Pronto me envuelven los sonidos
de esa canción antigua, sus golpes de memoria
— Knock, Knock, Knockin´ On Heaven´s Door— -
y mi mirada busca el espejismo
de un cuerpo, de otra risa que salve mi viaje
pero el retrovisor, en su bruma, devuelve
tan sólo el balanceo de un león de mentira
sobre un fondo de asientos vacíos y arañados.
Los faros iluminan por trechos el camino
—negro que funde a verde, verde que torna en negro—.
sin apenas vislumbre de horizonte.
Me vigilan los ojos de una fiera,
su cuerpo es una ráfaga de fuego
que se adivina entre los raudos árboles
y finge acompañarme silenciosa.
Se abren las sombras como heridas, luego,
por el brillo animal de esas pupilas
y una silueta larga se dibuja
allí donde relumbran, al oeste,
raíles paralelos a mi huida.
Oigo ya muy cercanos los jadeos de un tren
—ese enjambre de luces parpadeando en mis gafas-—
que marcha acompasado con mi propio rugido.
En el cristal de una ventanilla
reconozco las letras que dejaron los dedos
de una niña al jugar con pizarras de vaho.
Sobre el primer pescante pone su huella el pie
que con temblor llegaba, tarde, al amor primero.

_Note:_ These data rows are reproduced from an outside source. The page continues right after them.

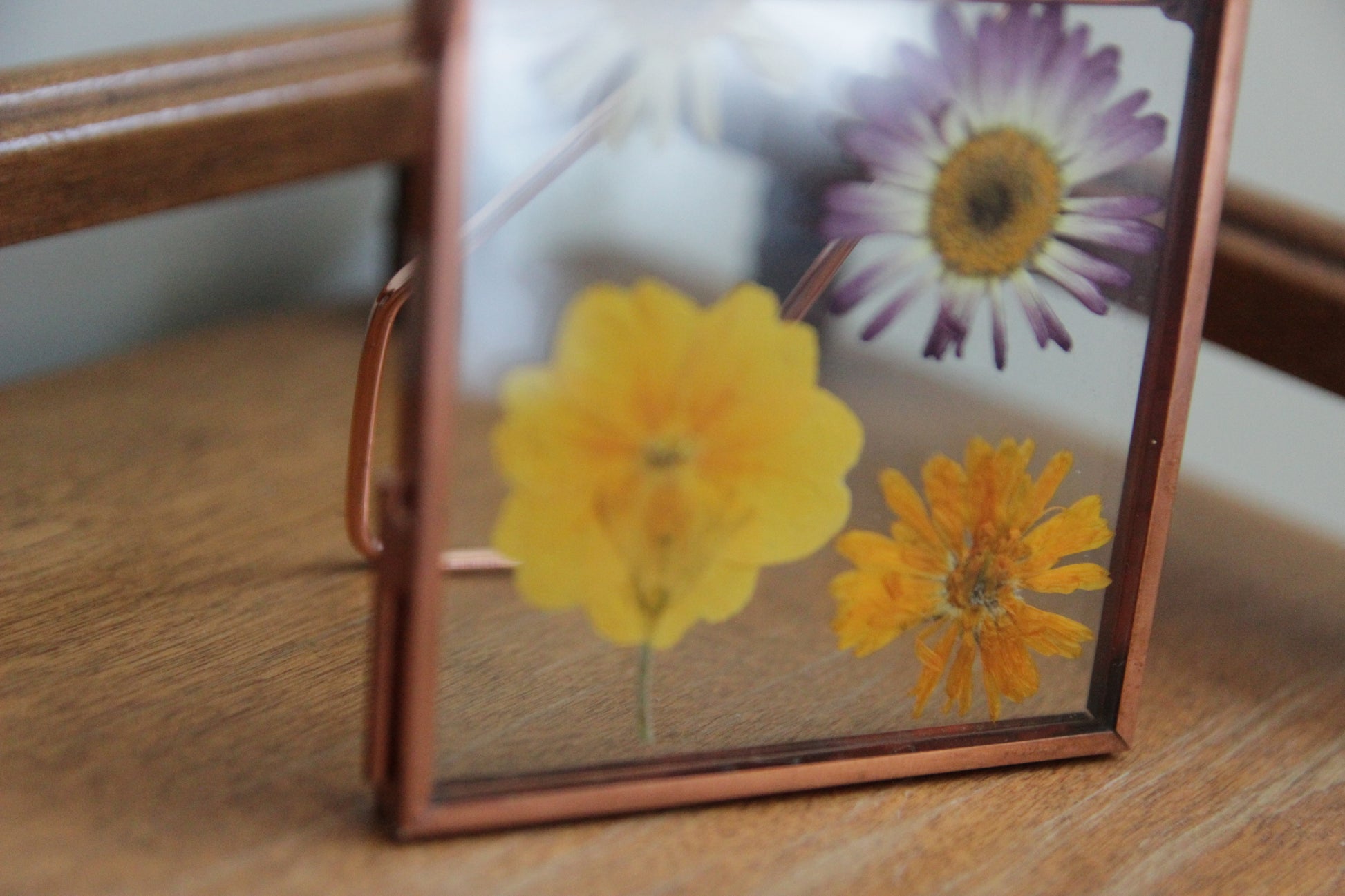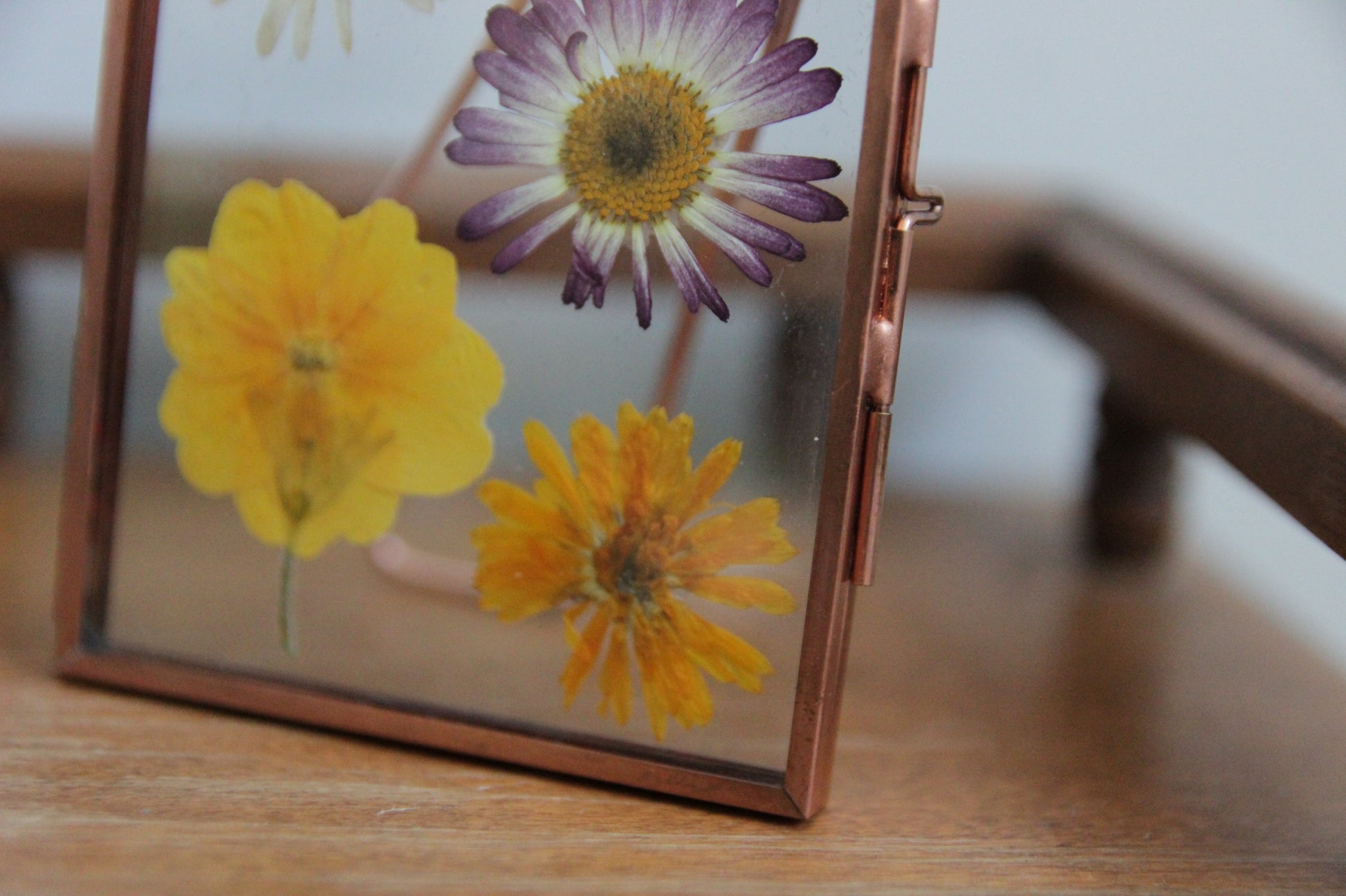 Small 3"x4" glass frame in rose gold with real pressed flowers. All flowers were grown organically at the Cal Natural Gardens home garden in Long Beach, California.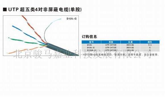 电缆/双绞线:超五类非屏蔽双绞线を性能概述:环路电阻(20℃):160欧姆/公里容抗:42pF/m 阻抗:100欧姆±15欧姆传输阻抗(1/10/30MHZ):<45/90/190豪欧传输延迟:9ns/100m NVP:76% 具有高品质电气及机械性能的超五类数据铜缆,满足高端需求。借助于屏蔽铝箔,达到非常好的屏蔽效果;兼容目前所有的连接硬件,根据标准:EN50173和ISO/IEC11801
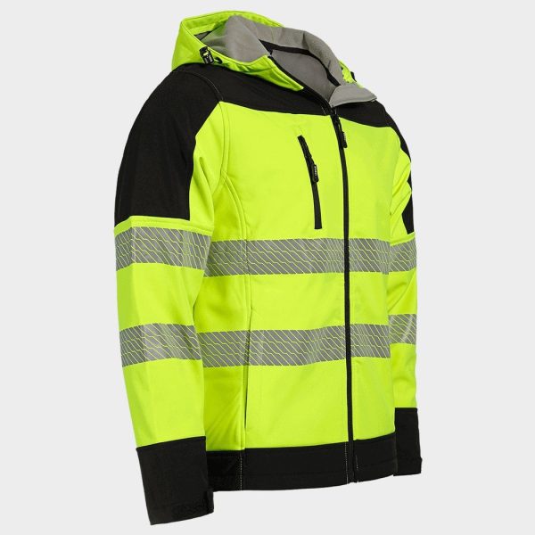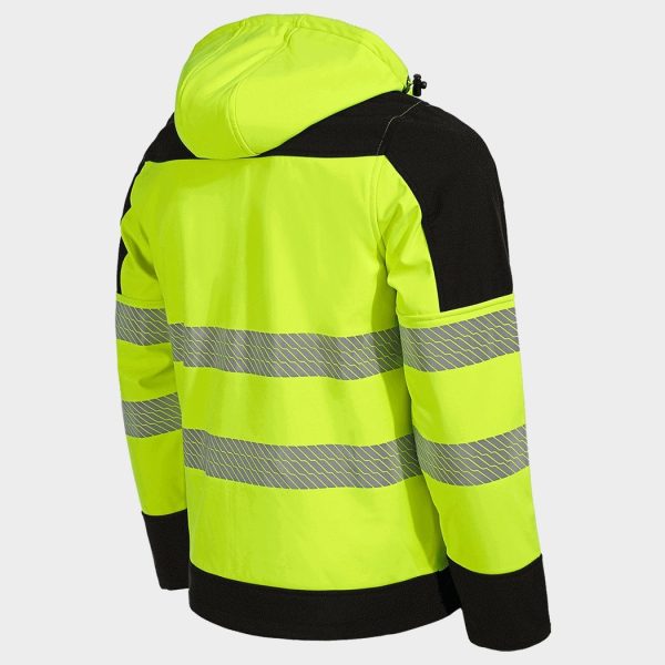 Jacheta softshell de inalta vizibilitate, cu gluga si benzi reflectorizante pe maneci si corp, asigurand vizibilitate si siguranta ridicate. Croiala dreapta si inchidere cu fermoar YKK® pentru fiabilitate si durabilitate. Gluga si mansete reglabile cu inchidere cu velcro pentru o potrivire mai buna. Doua buzunare laterale practice si un buzunar vertical la piept pentru depozitare convenabila. Captuteala moale din lana pentru un plus de confort si caldura. MATERIAL: poliester 150D intins mecanic, membrana TPU, lana, 290 g/m²; Coloana de apa de 8000 mm, permeabilitate la aer 3000 mpv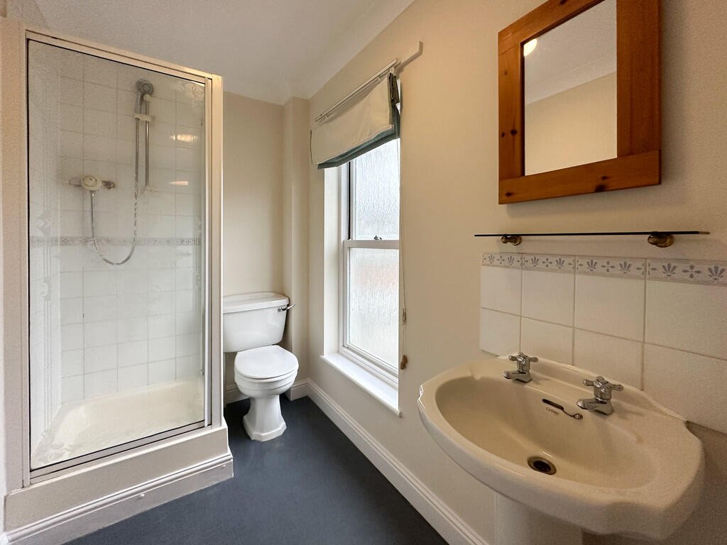 ENSUITE With vinyl flooring, window, radiator, extractor fan, toilet, sink and corner enclosure with thermostatic mixer shower. Â

Y en los vagones encendidos, rostros
de mujer, raramente familiares:
esa que ordena su maleta —ropa pulcra a diario,
doble fondo de noche con poesía—,
la que lee a deshoras su libertad de insomnio
o duerme soledad en el compartimento,
aquella que recuerda la risa de su hija
mientras contempla el mar, mudo detrás del vidrio.
El coche avanza casi a oscuras,
intermitentemente traspasado
por la grieta de luz del tren en la arboleda.
Mas de pronto da un giro, alcanza un puente,
hunde su voz de flecha en la distancia.
Detengo el automóvil y trato de escuchar
los pasos ya veloces de este animal nocturno
que sigue inexorable buscando su destino,
sin darme tiempo apenas de cruzar la mirada
con la mujer que espera en el vagón de cola.
Y vuelvo a conducir en la noche cerrada,
fiando en cortas luces, rastreando el horizonte
hasta que el tren y yo tan sólo somos
puntos de luz perdidos, tiempo en fuga.
PERSPECTIVAS
A veces el poema es un espejo
y su fondo delata.
Allí contemplo ahora
la imagen invertida de mis manos,
su arbórea arquitectura
de venas, de cartílagos, de uñas.
Las manchas diminutas donde traza
su oscuridad fugaz lo ya vivido.
El reverso de líneas incompletas,
de huellas diferentes que tantean el mundo.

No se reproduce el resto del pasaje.